◆ **PROBLEM**
For the entries below, repeat exactly each line starting with the one that contains "Mit einem sehr" and going on through the one that contains "Под битумните керемиди", and no others.

* * *

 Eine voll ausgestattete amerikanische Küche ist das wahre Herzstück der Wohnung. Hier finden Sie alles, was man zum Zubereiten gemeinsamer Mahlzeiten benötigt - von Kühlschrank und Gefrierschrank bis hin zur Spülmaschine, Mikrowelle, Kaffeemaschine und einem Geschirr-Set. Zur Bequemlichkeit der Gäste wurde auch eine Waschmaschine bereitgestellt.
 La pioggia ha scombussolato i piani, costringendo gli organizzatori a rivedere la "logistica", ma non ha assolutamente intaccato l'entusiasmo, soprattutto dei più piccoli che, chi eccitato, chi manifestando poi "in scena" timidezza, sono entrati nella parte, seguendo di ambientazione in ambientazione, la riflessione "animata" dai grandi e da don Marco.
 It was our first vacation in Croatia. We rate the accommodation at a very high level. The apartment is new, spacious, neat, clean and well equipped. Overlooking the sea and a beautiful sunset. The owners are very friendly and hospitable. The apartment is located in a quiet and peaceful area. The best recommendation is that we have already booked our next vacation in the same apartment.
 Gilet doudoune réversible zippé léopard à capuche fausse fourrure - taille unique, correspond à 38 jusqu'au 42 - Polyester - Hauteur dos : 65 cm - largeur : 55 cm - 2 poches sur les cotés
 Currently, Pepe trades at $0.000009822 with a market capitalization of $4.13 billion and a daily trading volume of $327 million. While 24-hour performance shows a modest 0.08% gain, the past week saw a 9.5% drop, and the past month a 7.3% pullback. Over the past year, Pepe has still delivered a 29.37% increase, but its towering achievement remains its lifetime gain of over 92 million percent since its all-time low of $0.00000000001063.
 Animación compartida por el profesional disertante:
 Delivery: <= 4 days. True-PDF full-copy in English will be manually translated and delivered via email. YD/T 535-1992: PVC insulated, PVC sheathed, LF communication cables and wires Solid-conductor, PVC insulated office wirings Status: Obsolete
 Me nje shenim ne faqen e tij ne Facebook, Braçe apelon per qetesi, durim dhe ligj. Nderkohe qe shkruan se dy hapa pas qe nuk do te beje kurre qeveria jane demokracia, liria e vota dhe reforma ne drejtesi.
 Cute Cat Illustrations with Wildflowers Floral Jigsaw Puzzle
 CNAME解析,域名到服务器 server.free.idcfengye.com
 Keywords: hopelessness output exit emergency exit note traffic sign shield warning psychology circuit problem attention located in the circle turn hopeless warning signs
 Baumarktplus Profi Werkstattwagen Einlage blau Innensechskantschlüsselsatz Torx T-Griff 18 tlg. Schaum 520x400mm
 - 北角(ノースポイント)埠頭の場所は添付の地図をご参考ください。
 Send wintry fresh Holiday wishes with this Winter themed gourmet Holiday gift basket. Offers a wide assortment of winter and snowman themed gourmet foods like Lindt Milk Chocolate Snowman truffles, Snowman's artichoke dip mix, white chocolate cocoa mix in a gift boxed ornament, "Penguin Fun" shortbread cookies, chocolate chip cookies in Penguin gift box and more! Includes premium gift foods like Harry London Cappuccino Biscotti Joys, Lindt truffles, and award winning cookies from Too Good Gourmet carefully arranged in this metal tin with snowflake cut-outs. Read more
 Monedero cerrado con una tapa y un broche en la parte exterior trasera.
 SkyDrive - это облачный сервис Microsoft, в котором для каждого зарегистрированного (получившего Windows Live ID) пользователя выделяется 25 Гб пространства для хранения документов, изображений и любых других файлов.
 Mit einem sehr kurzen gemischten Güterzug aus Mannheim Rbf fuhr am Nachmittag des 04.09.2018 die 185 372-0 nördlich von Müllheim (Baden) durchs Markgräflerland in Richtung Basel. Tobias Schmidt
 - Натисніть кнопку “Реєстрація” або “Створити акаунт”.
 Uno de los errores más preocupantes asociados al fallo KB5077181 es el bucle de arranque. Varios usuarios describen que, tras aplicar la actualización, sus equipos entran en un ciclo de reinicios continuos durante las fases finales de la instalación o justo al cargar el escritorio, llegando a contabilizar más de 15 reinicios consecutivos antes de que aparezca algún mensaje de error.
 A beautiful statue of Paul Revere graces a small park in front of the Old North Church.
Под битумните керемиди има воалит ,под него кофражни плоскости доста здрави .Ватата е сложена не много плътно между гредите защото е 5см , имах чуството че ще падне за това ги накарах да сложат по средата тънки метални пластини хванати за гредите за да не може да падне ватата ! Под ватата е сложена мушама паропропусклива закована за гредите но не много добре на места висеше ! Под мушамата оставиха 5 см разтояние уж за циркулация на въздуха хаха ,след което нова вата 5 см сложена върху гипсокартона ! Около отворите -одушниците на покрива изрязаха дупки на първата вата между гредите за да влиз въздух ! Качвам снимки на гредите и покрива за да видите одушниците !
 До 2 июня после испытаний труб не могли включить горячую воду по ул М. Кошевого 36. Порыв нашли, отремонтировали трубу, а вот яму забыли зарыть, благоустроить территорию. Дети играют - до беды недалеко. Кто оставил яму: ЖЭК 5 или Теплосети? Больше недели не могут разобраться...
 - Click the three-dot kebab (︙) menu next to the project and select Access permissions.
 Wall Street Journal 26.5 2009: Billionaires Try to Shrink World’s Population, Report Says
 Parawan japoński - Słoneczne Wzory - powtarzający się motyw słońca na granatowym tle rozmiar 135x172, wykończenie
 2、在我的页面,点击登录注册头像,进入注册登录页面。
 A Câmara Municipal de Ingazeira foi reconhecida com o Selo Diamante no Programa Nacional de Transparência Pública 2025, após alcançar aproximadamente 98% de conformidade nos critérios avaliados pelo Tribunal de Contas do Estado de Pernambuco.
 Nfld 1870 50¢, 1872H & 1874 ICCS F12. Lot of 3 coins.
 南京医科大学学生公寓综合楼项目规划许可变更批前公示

* * *

◆ **EXERCISE OUTPUT**
 Mit einem sehr kurzen gemischten Güterzug aus Mannheim Rbf fuhr am Nachmittag des 04.09.2018 die 185 372-0 nördlich von Müllheim (Baden) durchs Markgräflerland in Richtung Basel. Tobias Schmidt
 - Натисніть кнопку “Реєстрація” або “Створити акаунт”.
 Uno de los errores más preocupantes asociados al fallo KB5077181 es el bucle de arranque. Varios usuarios describen que, tras aplicar la actualización, sus equipos entran en un ciclo de reinicios continuos durante las fases finales de la instalación o justo al cargar el escritorio, llegando a contabilizar más de 15 reinicios consecutivos antes de que aparezca algún mensaje de error.
 A beautiful statue of Paul Revere graces a small park in front of the Old North Church.
Под битумните керемиди има воалит ,под него кофражни плоскости доста здрави .Ватата е сложена не много плътно между гредите защото е 5см , имах чуството че ще падне за това ги накарах да сложат по средата тънки метални пластини хванати за гредите за да не може да падне ватата ! Под ватата е сложена мушама паропропусклива закована за гредите но не много добре на места висеше ! Под мушамата оставиха 5 см разтояние уж за циркулация на въздуха хаха ,след което нова вата 5 см сложена върху гипсокартона ! Около отворите -одушниците на покрива изрязаха дупки на първата вата между гредите за да влиз въздух ! Качвам снимки на гредите и покрива за да видите одушниците !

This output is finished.